Authors: Murphy RF, Barfeld WR, St Hilaire T, Smith JT, Emans JB, Samdani A, Garg S, Sawyer JR, Pahys JM, CSSG.

Journal: Spine Deformity

Date: January 24, 2020

Excerpt: At some point during the growth-friendly treatment of a child, a decision is made to stop lengthening or expanding the device. However, ascertaining timing and indications for stopping the lengthening of a growth-friendly construct remains unclear, as the heterogeneity of the scoliosis etiology and curve history vary widely from patient to patient.

Keywords: EOS, surgical treatment, growth, final fusion, observation


 What is the purpose of this study?

The purpose of this study was to determine why a surgeon would stop using a growth friendly treatment (i.e. VEPTR, MCGR, etc.) for children with early onset scoliosis. Secondarily, the study follows the patient after they’ve stopped growth-friendly treatment and continued on to spine fusion or observation.   


- The most common reasons for ending surgical lengthening included: end of growth, patient age, devices that stop lengthening and health of the patient.

- At the end of treatment, 92/121 (76%) patients were treated with a definitive spinal final fusion, whereas 29 (24%) were treated with only observation (no additional surgery).

- There were no major differences in reasons for selection of observation or final fusion.
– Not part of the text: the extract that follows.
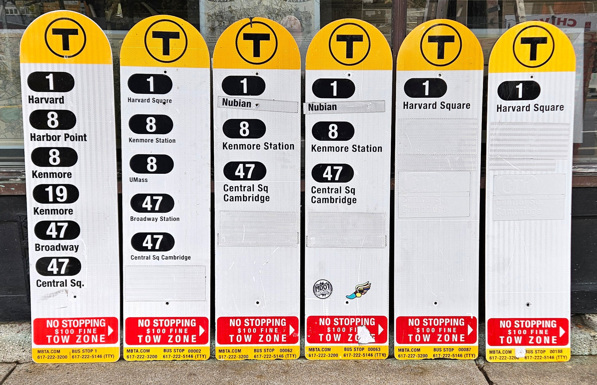 Decommissioned MBTA Bus Stop Signs: 1 Harvard; 8 Kenmore; 47 Broadway; 47 Central, etc.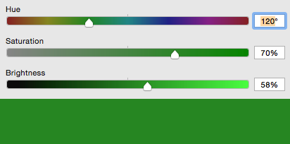 How given levels of brightness (or lightness, when fixed to the brightest white), hue, and chroma combine to define a green.

Important Discussion Points

- We found that the most common surgeon-listed indications to stop lengthening centered around end of growth (46 responses) and the patient’s age (33 responses).

- Most of these patients had a final fusion. This is a complicated decision. Many surgeons choose final fusion for further correction of a spine’s deformity, but there are many risks involved with this surgery.

- Further study on this subject is needed to determine how definitive treatments affect patients’ lives long-term.